Requirement: Set each line of the material below down word for word, from the first through the line that holds "Ich wollte auf", but not the pictures.

*** Data segment Section Begins ***

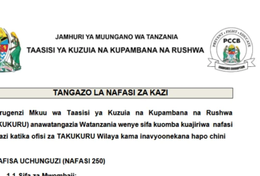 Ajira TAKUKURU 2026: Nafasi 250 za Afisa Uchunguzi na Msaidizi – Sifa, Vigezo na Jinsi ya Kuomba
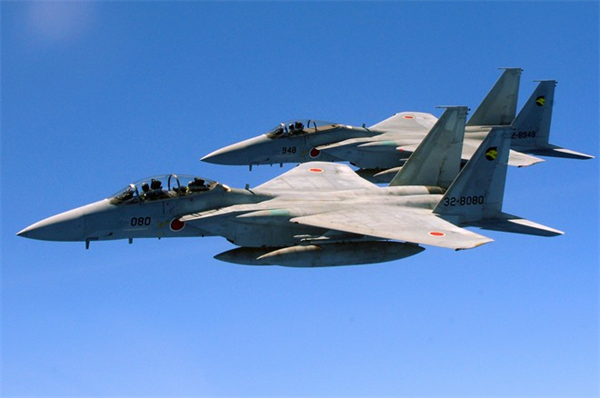 F-15J cũng là một biến thể của F-15 sản xuất tại Nhật Bản theo giấy phép từ Boeing, Mỹ. Về cơ bản F-15J tương tự F-15C của Không quân Mỹ. Tuy nhiên, F-15J sử dụng một số thiết bị điện tử do Nhật Bản sản xuất . Vũ khí chủ lực của nó là tên lửa không đối không tầm xa AAM-4 tầm bắn 100 km. Hiện nay F-15J cùng với F-2 là những tiêm kích chủ lực của không quân Nhật Bản. Ảnh: Wikipedia
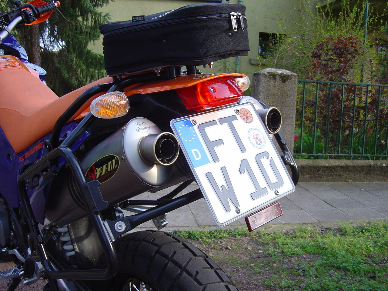 Ich wollte auf das Original-Plastikteil nicht verzichten und war auch etwas skeptisch, ob das Alu Teil einen Sturz im Gelände unverbogen übersteht. Ich hab also einfach ein anderes Rücklicht (natürlich mit LED-Lampe) adaptiert. Durch die Verwendung der LC4-Lampenfassung muß noch nicht einmal der Kabelbaum verändert werden.
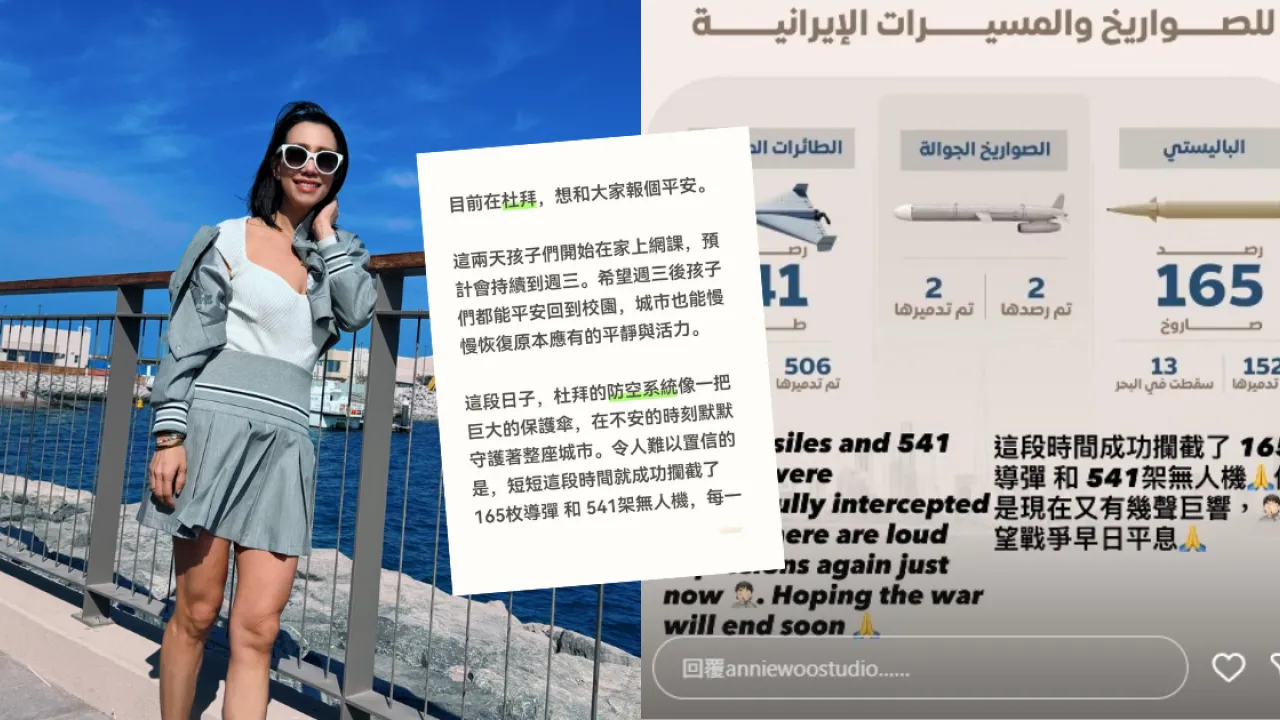 現年47歲的台灣女星吳辰君(Annie),早年憑成龍經典電影《警察故事4之簡單任務》出道,自2012年結婚後她便逐漸淡出幕前,大約三年前更與丈夫及一對子女移居杜拜。隨着近期美國、以色列與伊朗的中東衝突持續升溫,杜拜日前亦遭受戰火波及。吳辰君事後在社交平台發文向大眾報平安,並親身講述經歷導彈攔截的驚悚瞬間,坦言在震耳欲聾的爆炸聲中,深刻體會到平凡生活的極度可貴。

*** Data segment Section Ends ***

Completed exercise:
 Ajira TAKUKURU 2026: Nafasi 250 za Afisa Uchunguzi na Msaidizi – Sifa, Vigezo na Jinsi ya Kuomba
 F-15J cũng là một biến thể của F-15 sản xuất tại Nhật Bản theo giấy phép từ Boeing, Mỹ. Về cơ bản F-15J tương tự F-15C của Không quân Mỹ. Tuy nhiên, F-15J sử dụng một số thiết bị điện tử do Nhật Bản sản xuất . Vũ khí chủ lực của nó là tên lửa không đối không tầm xa AAM-4 tầm bắn 100 km. Hiện nay F-15J cùng với F-2 là những tiêm kích chủ lực của không quân Nhật Bản. Ảnh: Wikipedia
 Ich wollte auf das Original-Plastikteil nicht verzichten und war auch etwas skeptisch, ob das Alu Teil einen Sturz im Gelände unverbogen übersteht. Ich hab also einfach ein anderes Rücklicht (natürlich mit LED-Lampe) adaptiert. Durch die Verwendung der LC4-Lampenfassung muß noch nicht einmal der Kabelbaum verändert werden.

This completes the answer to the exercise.